Agent middleware intercepts model calls and tool calls during graph execution, enabling caching, memory injection, and routing without modifying agent or graph code. The middleware system in `langgraph-checkpoint-redis` is built on LangChain's `AgentMiddleware` protocol and uses Redis as its backing store.

## AsyncRedisMiddleware Base Class

All middleware extend `AsyncRedisMiddleware`, which provides:

- **Redis client lifecycle** -- Creates or accepts a Redis connection, with automatic cleanup for owned clients.
- **Lazy initialization** -- Resources (caches, indexes, routers) are created on first use with double-checked locking for thread safety.
- **Graceful degradation** -- When `graceful_degradation=True`, Redis errors are caught and the middleware falls through to the original handler rather than failing the request.
- **AgentMiddleware protocol** -- Implements `awrap_model_call` and `awrap_tool_call` as defined by LangChain.

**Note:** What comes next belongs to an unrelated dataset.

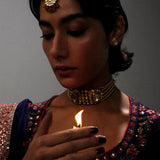 Exquisitely crafted navy blue long peshwaz , adorned with intricate detailing and elegant floral motifs. It is paired with Navy blue block printed motifs' sharara and organza duppatta. A flawless choice for the upcoming festive season , promising grace and sophistication.

Subclasses implement `_setup_async()` to initialize their specific resources and override one or both of the wrapping methods.

## The Four Middleware Types

### SemanticCacheMiddleware

Caches LLM responses based on **semantic similarity** of the input prompt. When a new prompt is semantically close to a previously seen prompt, the cached response is returned without calling the LLM.

This uses vector embeddings via `redisvl.extensions.cache.llm.SemanticCache`. Semantic similarity is the correct approach here because natural language prompts with similar meaning should produce equivalent responses. "What is Python?" and "Tell me about the Python language" are genuinely similar queries.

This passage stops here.